Furthermore, they said, “coupled with disinflation and monetary policy easing, the outlook for growth becomes clearer, setting the stage for a constructive macroeconomic environment next year.”
However, DBS forecast growth and inflation for the Philippines for this year is GDP of six percent and inflation of three percent. For next year, a slightly lower 5.8 percent in 2025 and likewise an inflation slowing to 2.6 percent. The slowing trend continues for 2026 with a growth of 5.6 percent and inflation of 2.4 percent.
They stressed the need though for money supply to revert to double digit growth from the current mid to high single digit level, and for excess liquidity to be channeled back into the economy.
They supported their positive observation of improving fundamentals on the “proliferation of green shoots” with key high-frequency data “continuing to improve as disinflation progresses and monetary policy eases.”
Additionally, they said, the midterm elections and favorable base effects would stimulate consumption. “We anticipate that the campaign period leading to the midterm elections in May 2025 will provide substantial tailwind to private consumption during the first half of 2025.”
As reference, they cited that “household spending underwent a trough during the first half of 2024, having grown by only 4.6 percent year on year during the said period.”
FirstMetroSec also believes that “friendshoring” benefits would remain in place despite changes in the US administration and policies. They foresee that in the next three to five years, more visible gains would come from the Luzon Economic Corridor, which is a trilateral commitment among the US, Japan and the Philippines, with Clark, Pampanga as the country’s next major economic cluster.
There are fears that with the second term of US President-elect Trump, his campaign promise to lower the corporate income tax rate to 20 percent or 15 percent from the current 21 percent, and an extension of Trump’s 2017 tax cut for individuals and businesses could make reshoring of operations to the US attractive, reducing the competitiveness of offshoring activities in the Philippines, which could lead to a decrease in foreign direct investments and employment from foreign companies in the country.

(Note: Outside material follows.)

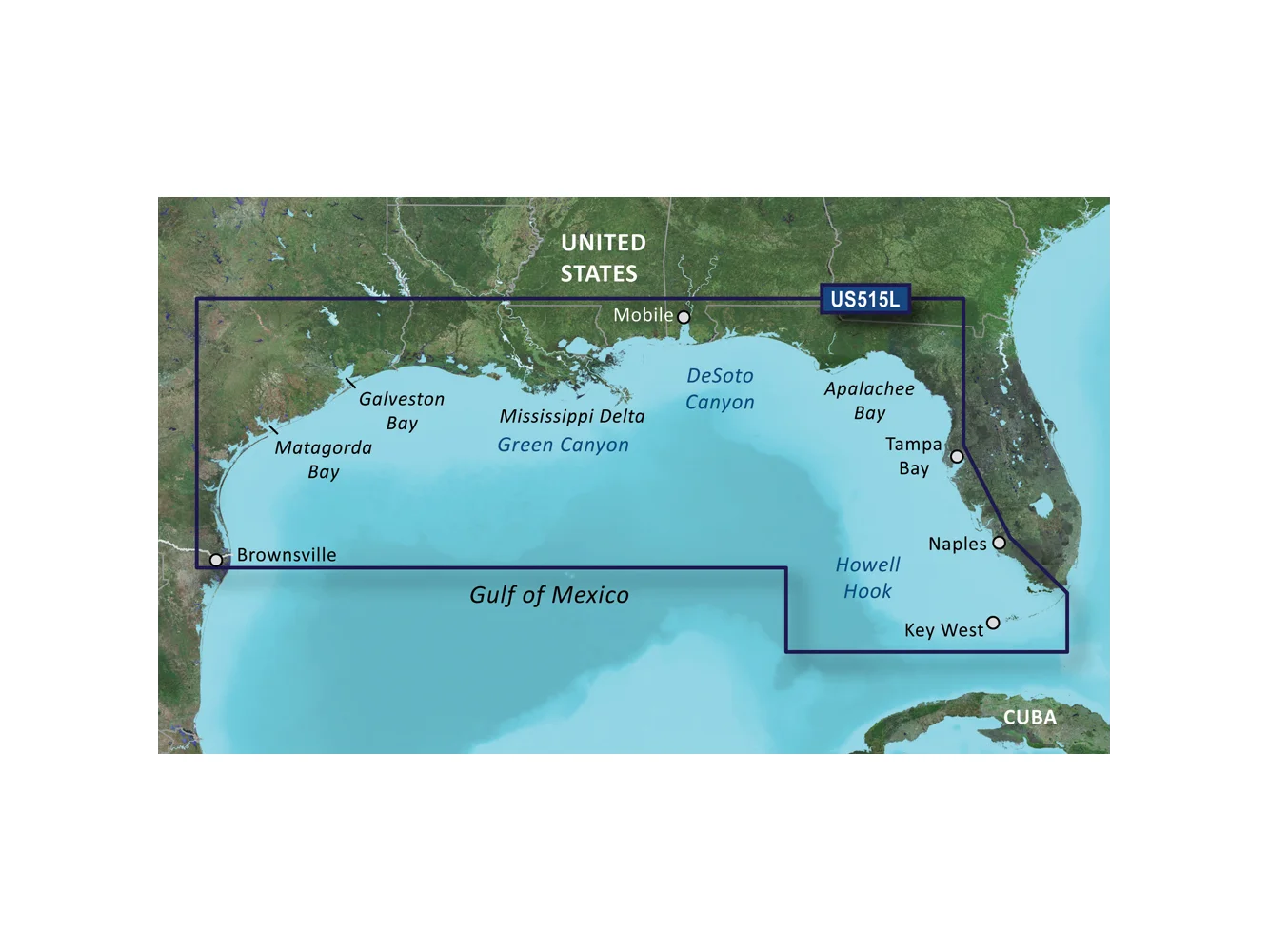 Detailed coverage of the Gulf of Mexico from Brownsville, TX to Plantation Key, FL including Corpus Christi, TX, Matagorda Bay, Galveston Bay, Port Arthur, TX, Atchafalaya Bay, the Mississippi Delta, Chandeleur Islands, Tampa Bay and the Florida Keys west of Key Largo. Also includes Lake Ponchartrain and Lake Maurepas to Vermilion Bay and Lake Calcasieu. Bathymetric coverage of offshore features from Vernon Basin to Alaminos Canyon including DeSoto Canyon, Mississippi Canyon and Green Canyon.

In addition, lower tax revenues in the US could create funding pressures for the US Federal government without additional revenue generation, which in turn could drive up US bond yields that are likely to attract foreign funds and strengthen the US dollar even more.
Fortunately, the FirstMetroSec analysts said, the Philippines still has a comparative advantage with the passage of the CREATE MORE which has reduced the corporate income tax rate for registered business enterprises to 20 percent from 25 percent.
On the risks from a possible upward adjustment on US tariffs as promised by Trump of anywhere from 10 to 20 percent, and a 60 percent duty on all US imports from China, the Philippines’ trade surplus to the US could be reduced, plus a slower global trade cycle could flow through our external trade balances especially since China is one of our top trade partners.
The Philippines, the FirstMetroSec analysts pointed out, is primarily a domestically-driven economy through household consumption. Likewise, the country is a net importer and is thus less vulnerable to the protectionist policies of our trade partners.
A downside they see from higher US bond yields and a weak peso is that these will exert pressure on equities valuation, which would support a cautious approach to positioning in Philippine equities. It was pointed out that foreign buyers have already exited the market, with one member of Monday Circle pointing out that the lack of foreign buyers in the Philippine equities market also stems from issues on governance.
FirstMetroSec cited the fact that “the Philippine equities market has seen cumulative outflows of $335 million so far this year, over 2.3 times higher than full year 2023,” with the primary drivers of the outflow due to “high risk-free yields in developed markets, novel and favored investment themes and a strong US dollar.”